What is needed is a word-for-word copy of every record below, minus the pictures.

====== EXCERPTED DATA

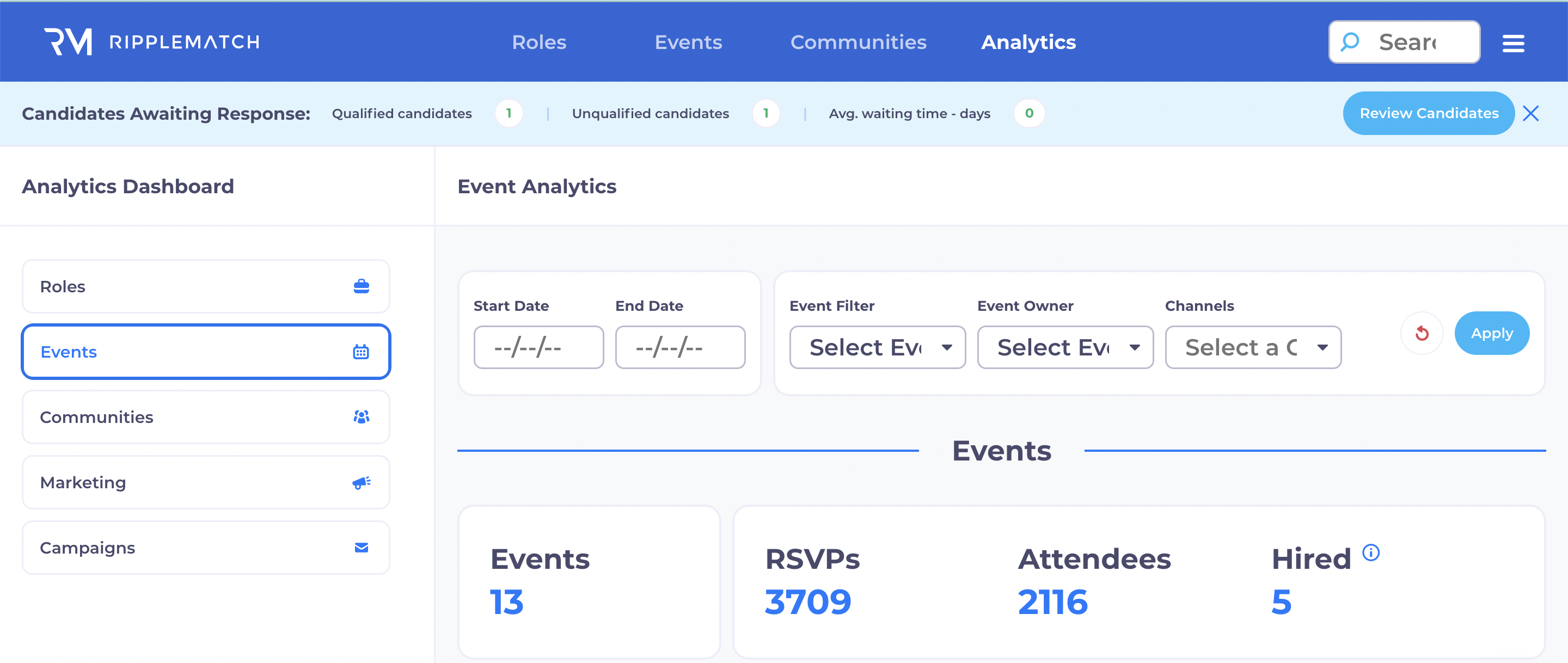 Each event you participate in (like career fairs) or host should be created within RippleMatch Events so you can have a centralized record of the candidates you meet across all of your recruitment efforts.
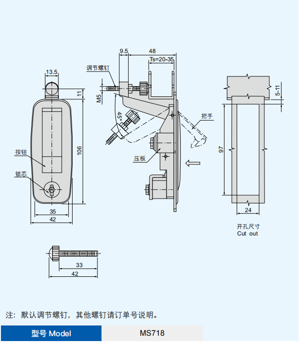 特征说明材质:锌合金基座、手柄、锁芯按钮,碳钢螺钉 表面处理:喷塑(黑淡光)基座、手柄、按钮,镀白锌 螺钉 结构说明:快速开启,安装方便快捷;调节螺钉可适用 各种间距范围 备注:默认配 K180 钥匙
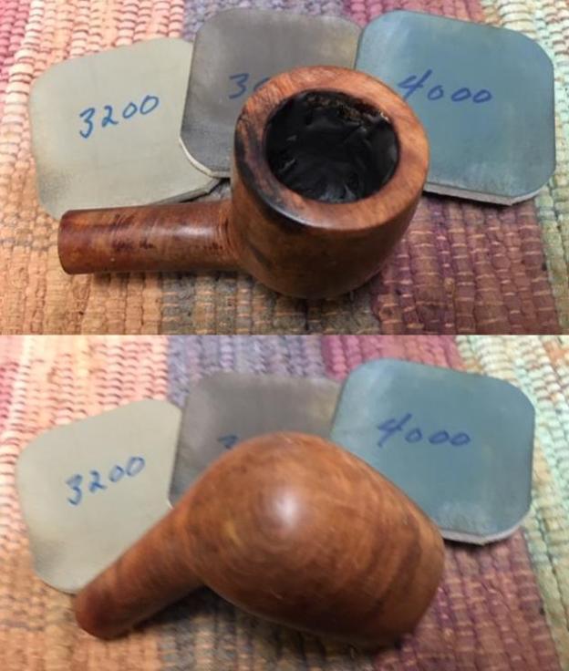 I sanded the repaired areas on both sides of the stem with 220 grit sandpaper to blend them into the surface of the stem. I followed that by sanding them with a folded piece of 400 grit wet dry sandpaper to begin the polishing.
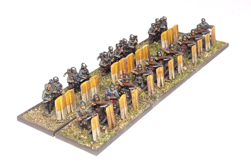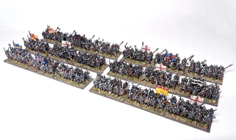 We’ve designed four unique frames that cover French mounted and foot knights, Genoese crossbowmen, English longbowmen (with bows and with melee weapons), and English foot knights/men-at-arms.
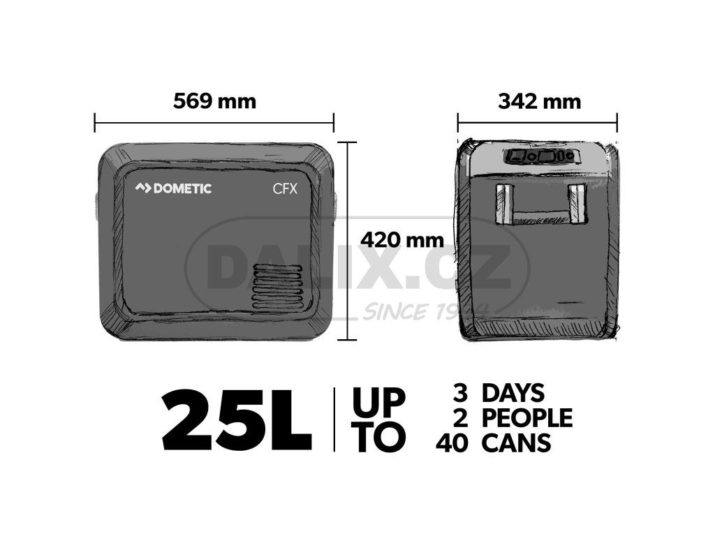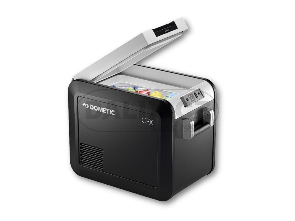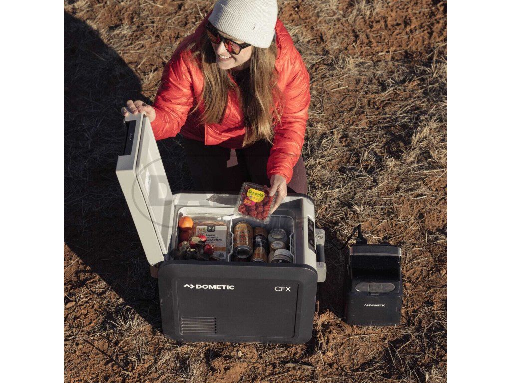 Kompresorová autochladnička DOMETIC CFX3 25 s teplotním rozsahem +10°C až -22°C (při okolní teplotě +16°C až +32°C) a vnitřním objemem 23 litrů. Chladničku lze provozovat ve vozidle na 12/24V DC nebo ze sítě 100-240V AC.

============

> _FINAL ANSWER_
 Each event you participate in (like career fairs) or host should be created within RippleMatch Events so you can have a centralized record of the candidates you meet across all of your recruitment efforts.
 特征说明材质:锌合金基座、手柄、锁芯按钮,碳钢螺钉 表面处理:喷塑(黑淡光)基座、手柄、按钮,镀白锌 螺钉 结构说明:快速开启,安装方便快捷;调节螺钉可适用 各种间距范围 备注:默认配 K180 钥匙
 I sanded the repaired areas on both sides of the stem with 220 grit sandpaper to blend them into the surface of the stem. I followed that by sanding them with a folded piece of 400 grit wet dry sandpaper to begin the polishing.
 We’ve designed four unique frames that cover French mounted and foot knights, Genoese crossbowmen, English longbowmen (with bows and with melee weapons), and English foot knights/men-at-arms.
 Kompresorová autochladnička DOMETIC CFX3 25 s teplotním rozsahem +10°C až -22°C (při okolní teplotě +16°C až +32°C) a vnitřním objemem 23 litrů. Chladničku lze provozovat ve vozidle na 12/24V DC nebo ze sítě 100-240V AC.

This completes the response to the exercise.